Show HN: The Hawaii Project – A personalized book discovery system - viking2917
http://www.thehawaiiproject.com
======
christudor
As usual with this kind of thing, I've spent about five minutes looking round
the site just to get a general feel of the thing. Here are my first
impressions:

1\. This is a great idea. I'm /always/ looking for book recommendations and I
find that Goodreads doesn't do the job for me.

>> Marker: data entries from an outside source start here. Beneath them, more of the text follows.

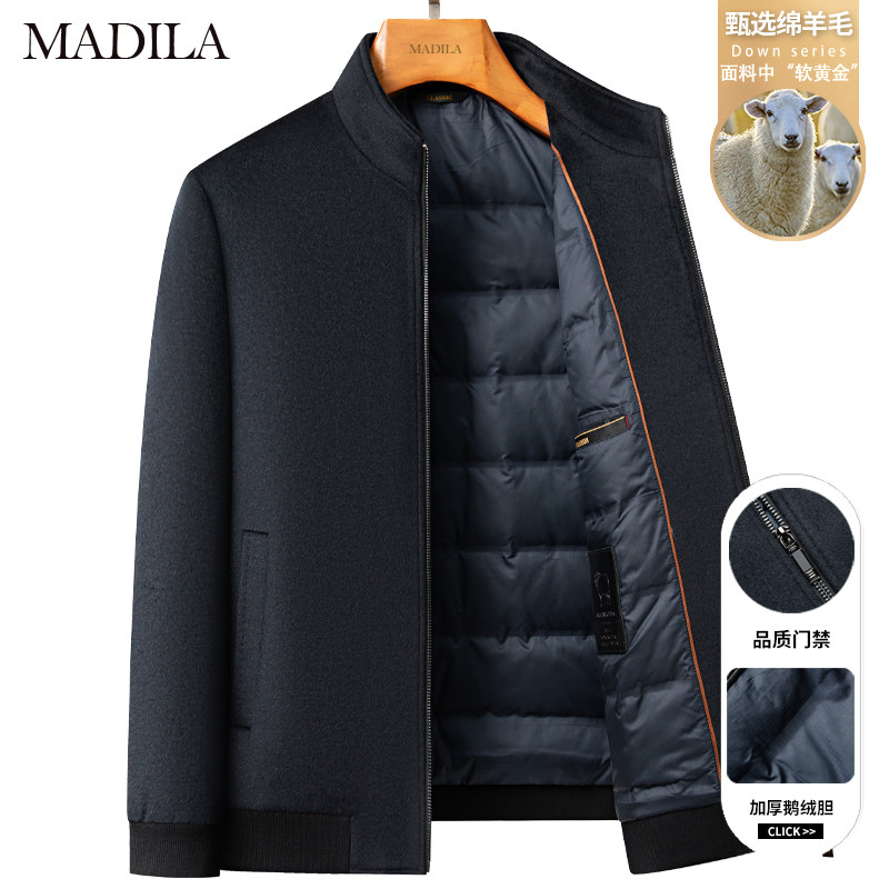 含桑蚕丝羊绒大衣男冬季中年毛呢行政夹克加厚鹅绒内胆羊毛呢外套
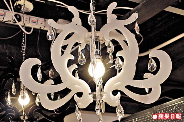 細小家庭放全盞水晶燈未免有點吃力不討好,這款阿加力仿水晶吊燈以燈影為設計藍本,簡單又時尚。
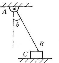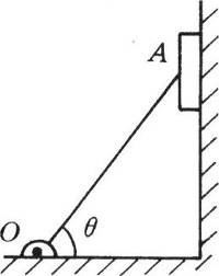 110.如图所示,重200 N的均匀杆OA,可绕过O点的水平轴自由转动,杆斜靠在竖直墙上,杆与水平面间的夹角θ=60°,墙与杆间夹有一张纸,纸的重及纸与墙间的摩擦力不计,纸与杆间的滑动摩擦系数μ=0.2。问要多大的竖直向上的力才能将纸向上匀速抽出?
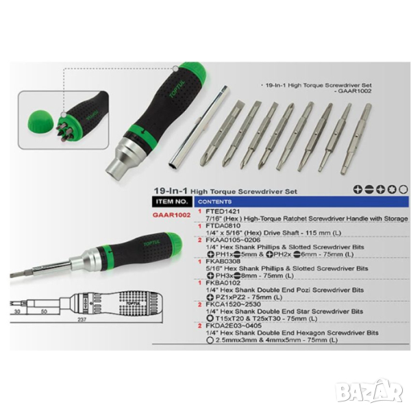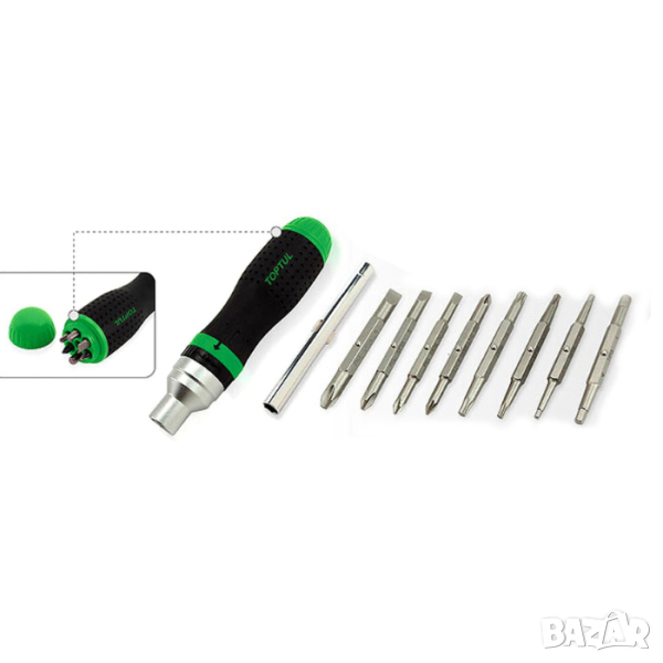 Дръжката е изработена от неприплъзващ материал и побира до 6 накрайника.
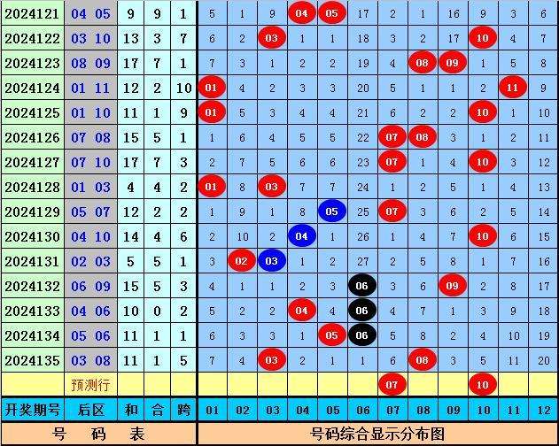 后区号码分析:在第136期历史同期开奖中奖,奖号11出现5次,奖号03出现4次,奖号04 05 06出现3次,奖号01 02 07 09 10出现2次,奖号08 12出现1次。本期后区五码参考03、04、06、07、10。
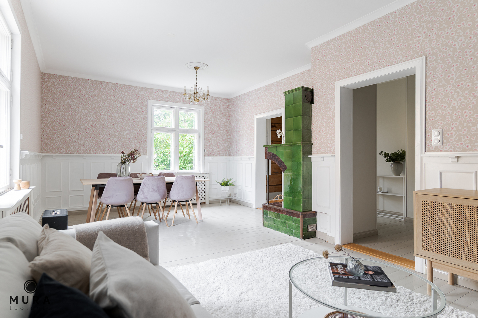 - Avara ja valoisa olohuone, jonka sydämenä upea takka.
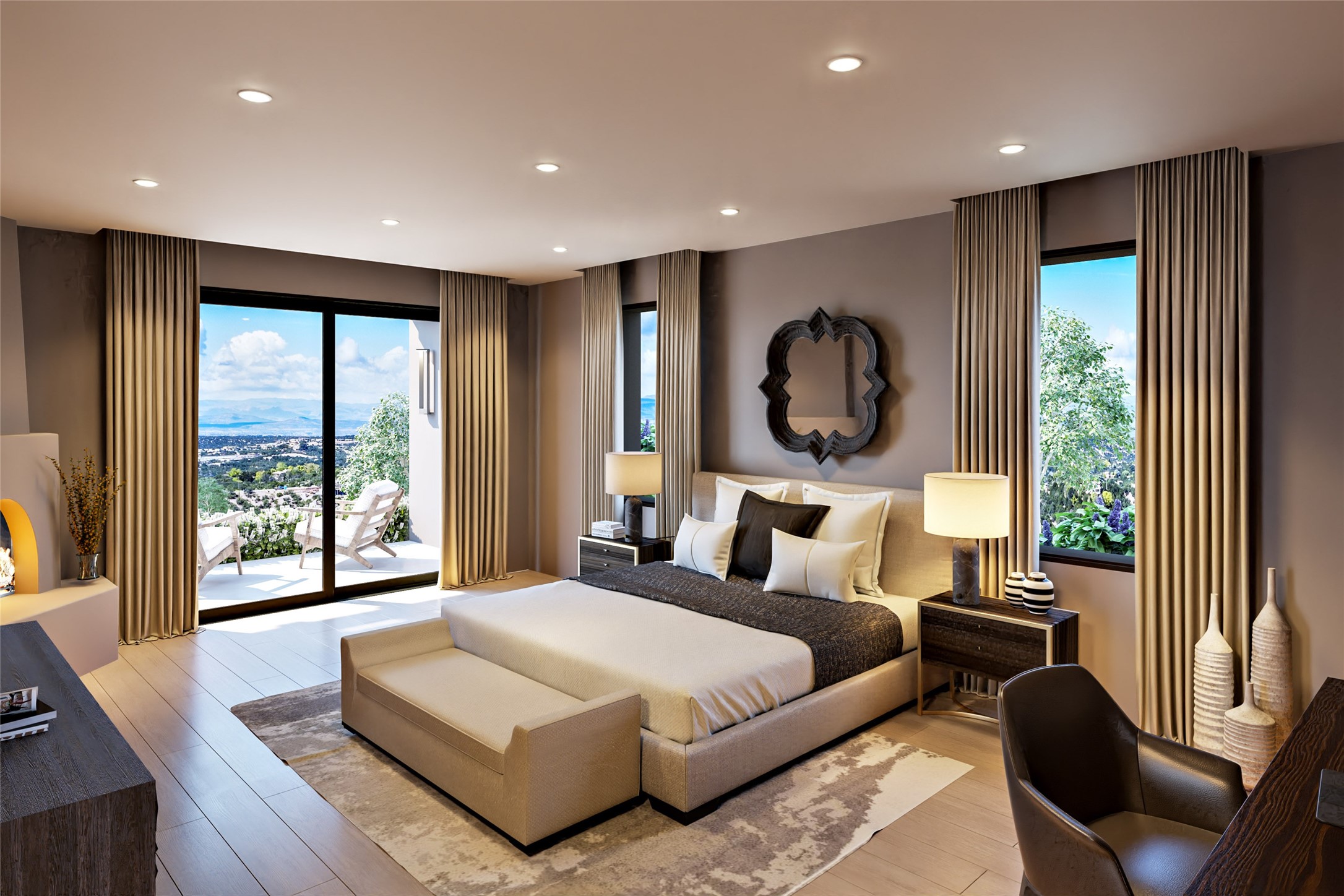 One of the finest properties to ever arrive on the Santa Fe market...298 Brownell Howland will feature spectacular views located on one of Santa Fe's most prestigious streets. Renowned builder, Odai Construction and noted Interior Designer, Kelly Keyes Miller, will spearhead the construction and all finishes. The home will be 6,000 sq ft with a pool, 5 bedrooms and 5 1/2 bathrooms. The custom-designed home will have wood floors, hand-hewn beams, exquisite ceiling and wall treatments, a private entry courtyard and private portals of over 1,000 square feet. The chef's kitchen features top end appliances, exceptional granite counter space plus an adjacent butler's pantry. This will be a one-of-a-kind property. Please see attached video. Images portrayed in this listing are virtual images, and seller makes no representations that all elements in these images represent what is being sold.
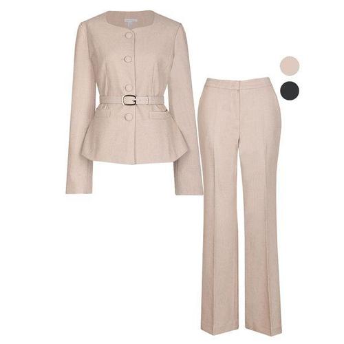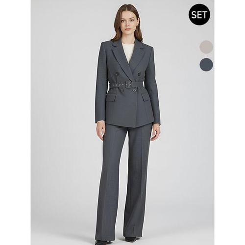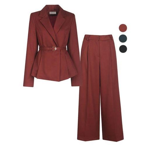 [비비드시크릿가너]SET 여성 앤더블벨티드 봄가을 정장 자켓+통팬츠 세트
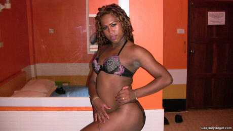 Ladyboy Gold: Sexy shemale Ally strips her bikini and shows her sexy butt and big dick
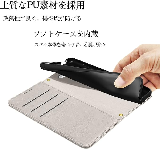 【素材】: (1)外:厳選されたレトロPU革で丁寧な縫製プロセスを施し、手触りが優しくて、落ち着いた色付けで汚れにくくて、使い勝手もとても。 (2)内:柔軟性が良いTPU材質のスマホホルダーです、着脱が容易,本体へ360°保護を提供することになります。放熱性が良、滑りにくく、指紋、油分などもつきにくく。ひとつひとつ職人の手で仕上げました。より良い素材と選ばれた職人が出会うことにより、最高級の革製品が完成します。
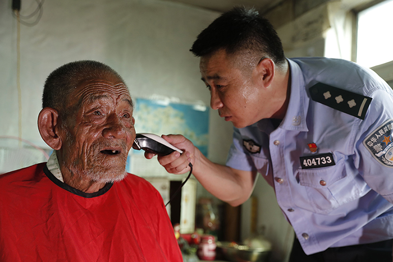 張宇航正在為轄區(qū)內(nèi)的孤寡老人理發(fā)。
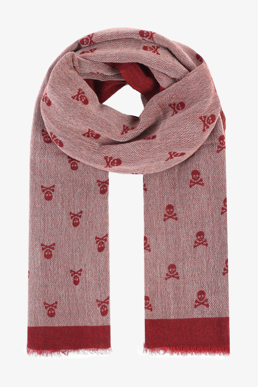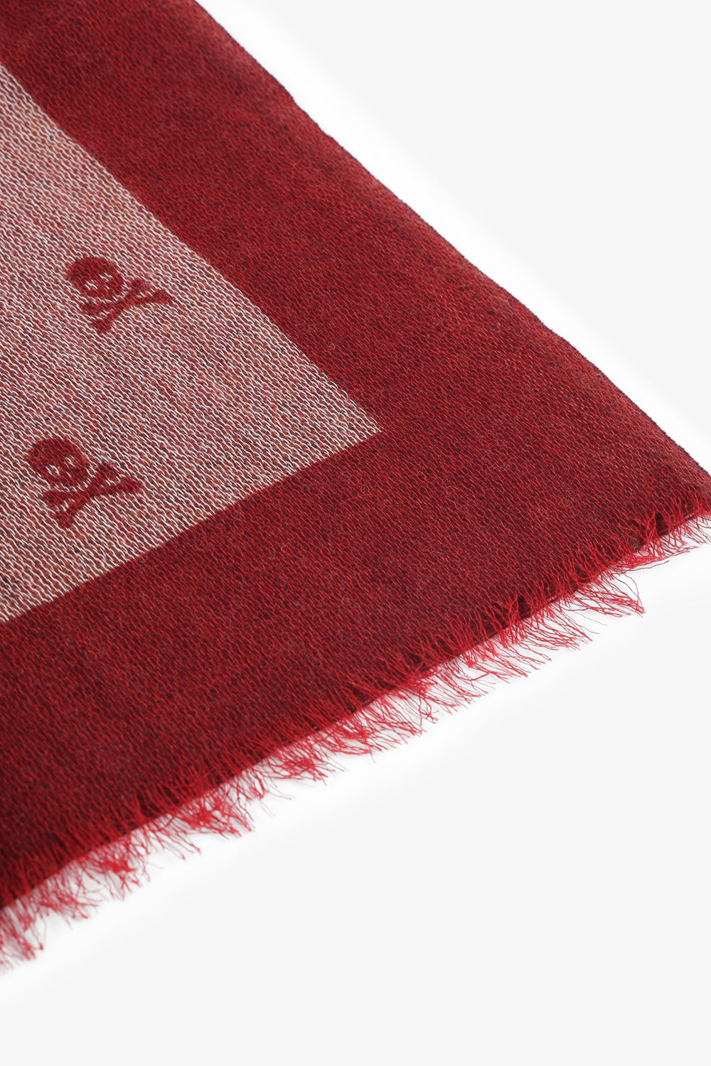 Pashmina con motivo de calaveras all over confeccionada en tejido de lana a través de procesos manuales. Detalle de flecos cortos.
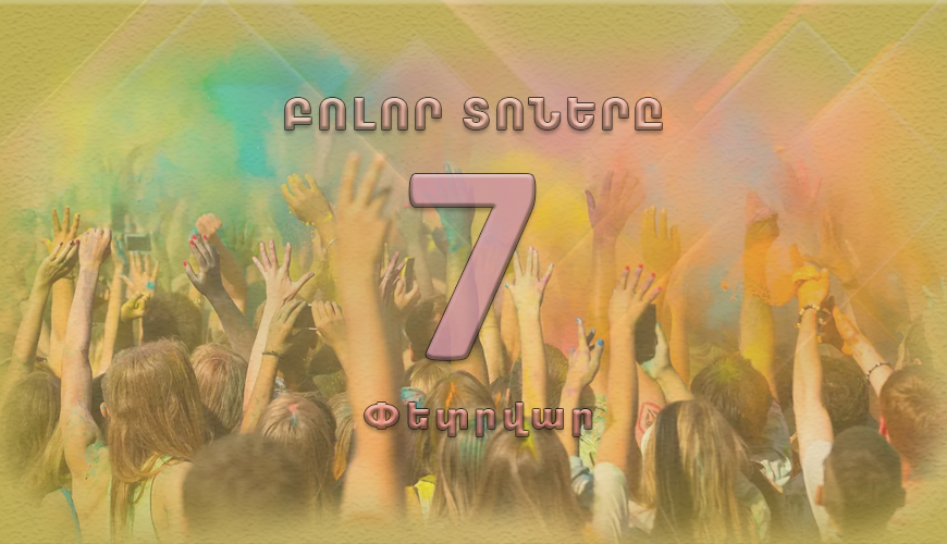 Փետրվարի 7-ը Մաստակի, Մերկ աշխատելու, Կարմիր հագուստի, Վարդերի, Բալետի, Երեխաներին ժպիտ նվիրելու, Հարևանին ձեռքով անելու, Ընկերներին բացիկներ ուղարկելու, Սուրբ Մելի, Համացանցում հայատառ գրելու, Լուսին թռչելո...
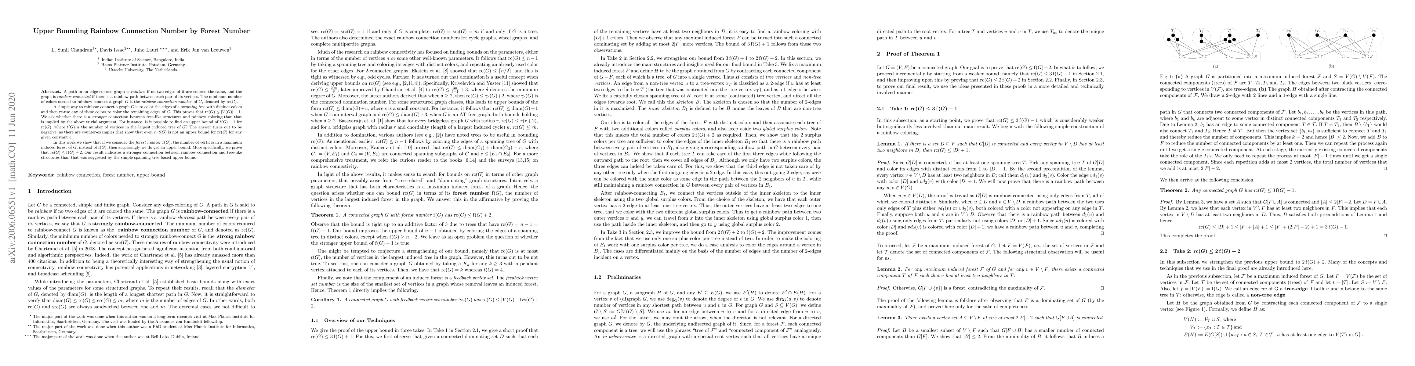 A path in an edge-colored graph is rainbow if no two edges of it are colored the same, and the graph is rainbow-connected if there is a rainbow path between each pair of its vertices. The minimum number of colors needed to rainbow-connect a graph $G$ is the rainbow connection number of $G$, denoted by $\text{rc}(G)$. A simple way to rainbow-connect a graph $G$ is to color the edges of a spanning tree with distinct colors and then re-use any of these colors to color the remaining edges of $G$. This proves that $\text{rc}(G) \le |V(G)|-1$. We ask whether there is a stronger connection between tree-like structures and rainbow coloring than that is implied by the above trivial argument. For instance, is it possible to find an upper bound of $t(G) -1$ for $\text{rc}(G)$, where $t(G)$ is the number of vertices in the largest induced tree of $G$? The answer turns out to be negative, as there are counter-examples that show that even $c\cdot t(G)$ is not an upper bound for $\text{rc}(G))$ for any given constant $c$. In this work we show that if we consider the forest number $f(G)$, the number of vertices in a maximum induced forest of $G$, instead of $t(G)$, then surprisingly we do get an upper bound. More specifically, we prove that $\text{rc}(G) \leq f(G) + 2$. Our result indicates a stronger connection between rainbow connection and tree-like structures than that was suggested by the simple spanning tree based upper bound.
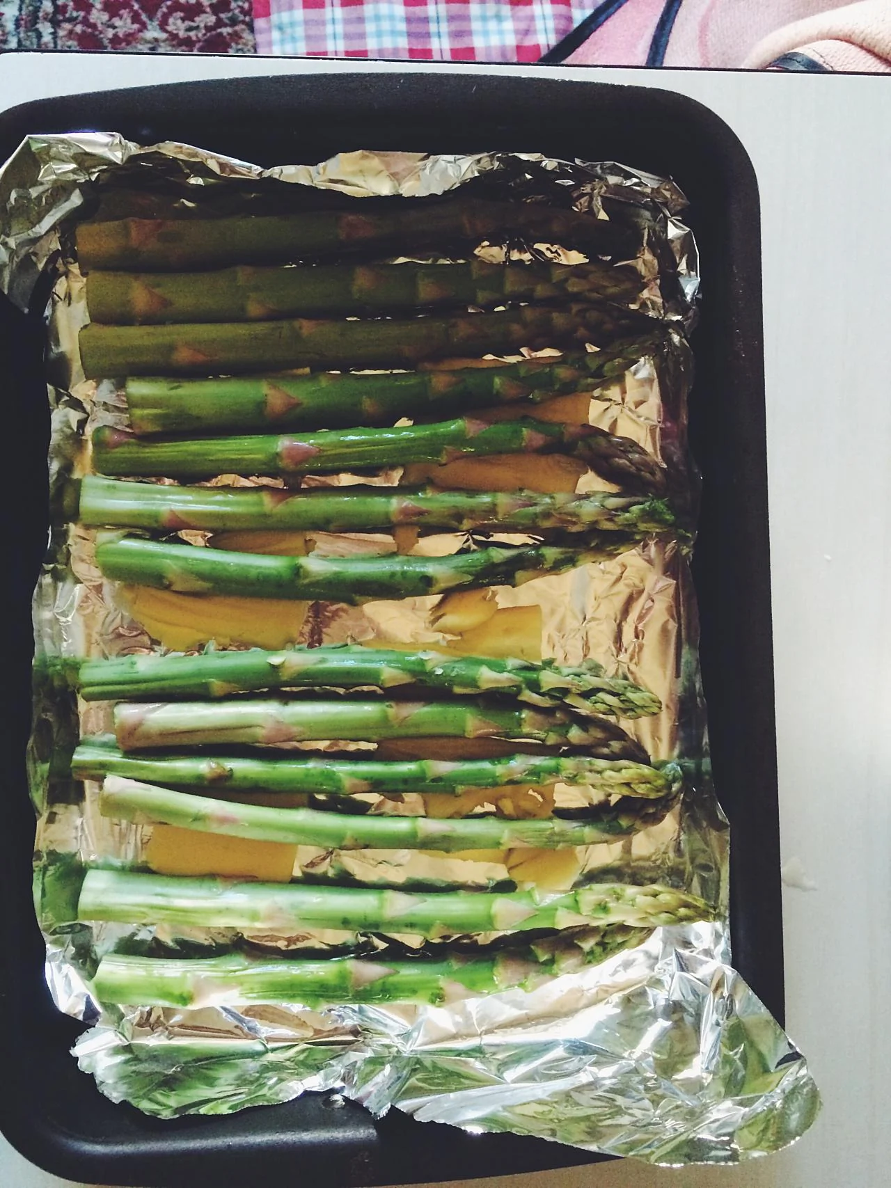 ШАГ 3 Выложите спаржу на застеленный фольгой противень или в форму и сбрызните оливковым маслом, хорошо перемешайте и посыпьте сверху измельченным чесноком, солью и перцем. Снова перемешайте.
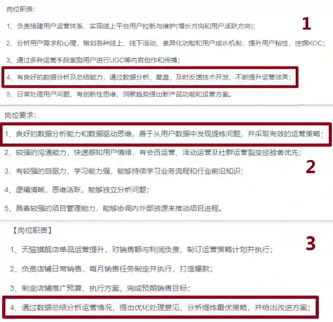近些年各行各业运营的招聘要求都要求具备数据分析能力,数据分析也从几年前的“求职加分项”变成了如今的“必备能力项”。
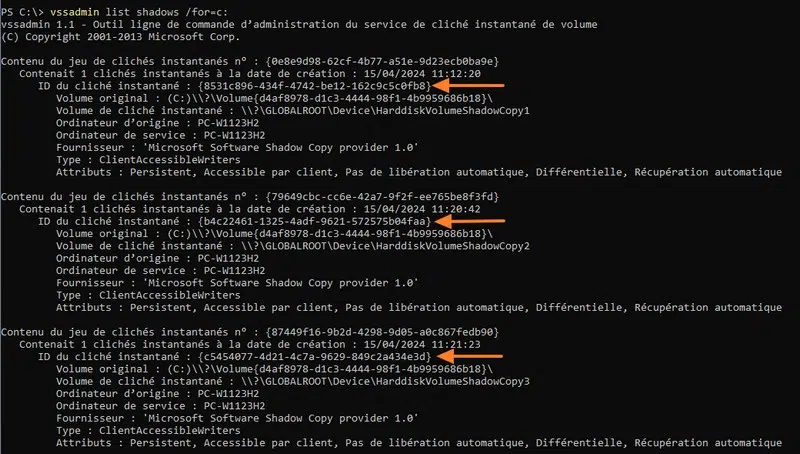 Le problème, c'est que cette commande ne retourne pas les noms des points de restauration, donc il faudra essayer de s'appuyer sur la date et l'heure pour identifier le point de restauration à supprimer. Ensuite, pour supprimer le point de restauration, vous devez spécifier son identifiant, c'est-à-dire son "ID du cliché instantané".
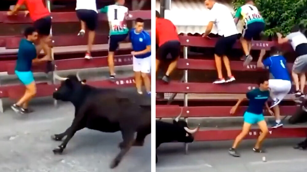 Teamwork tussen twee stieren die een snoeiharde bodycheck uitdelen
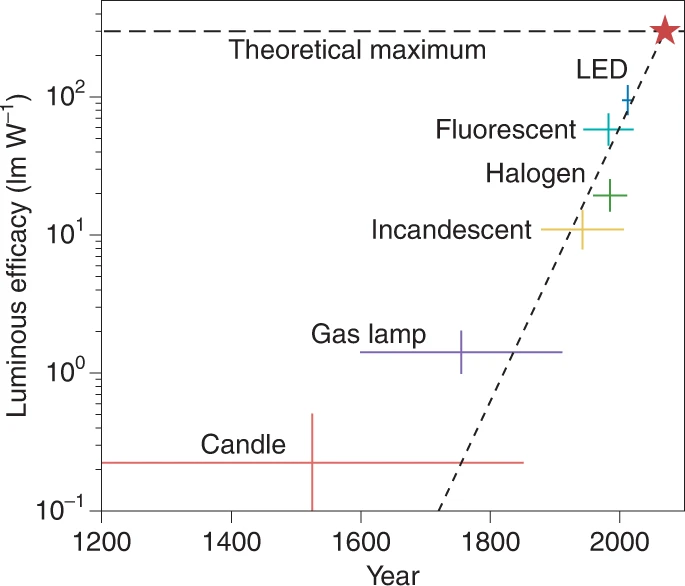 Technological progress is not the key to growth because we’ve already hit hard limits in many areas—lighting included. A standard bulb: about 10–15 lm/W luminous efficacy, meaning 1 watt gives 10–15 lumens. Halogen: 15–20 lm/W. Fluorescent: 80–90 lm/W. A cheap LED: 50–150 lm/W. Notice: the hyped LEDs aren’t much better than fluorescents—just far more resource- and energy-intensive to make (rare earth metals, anyone?). True, fluorescents contain mercury—hence the phase-out—but that’s only an issue because, in half a century, we proved incapable of recycling them instead of tossing them everywhere. So what do we expect?

2\. Thank you for giving me a 'Not yet, I just want to look around' button.
This turned a potentially irritating moment to a moment of 'Huh... that's a
nice touch'.

3\. I'm afraid I say that I think the design is horrible. Not necessarily
layout, but more the CSS, e.g. the background colour, the style of the
buttons, etc.

4\. I think there's too much stuff in the navbar at the top. This includes a
few things that I don't really know what to do with. It's all a bit cluttered,
and that makes me a bit anxious. Couldn't this be stripped down a bit?

5\. The menu is absolutely full of options, some of which seem a bit
repetitive. I've got 'Edit my authors', 'Edit my channels', 'Personalise',
etc. Isn't there a way all this kind of stuff can be put in one place?

6\. When I click 'Edit authors', I'm not really sure why I have to do this on
a separate page (or indeed why I'm telling you about /authors/ I like). Can't
I just tell you which books I like?

7\. I don't really know what 'My Articles' is. I wouldn't mind something that
/only/ dealt with books.

8\. Loading times are a /bit/ on the slow side, especially on the
'Recommendations' page.

Conclusion: Interesting idea, so I've signed up. For me, the biggest thing
that needs to improve is the general look of the site (not necessarily layout,
but the CSS), followed by the fact that everything feels a bit cluttered.

This is all just my opinion, though...!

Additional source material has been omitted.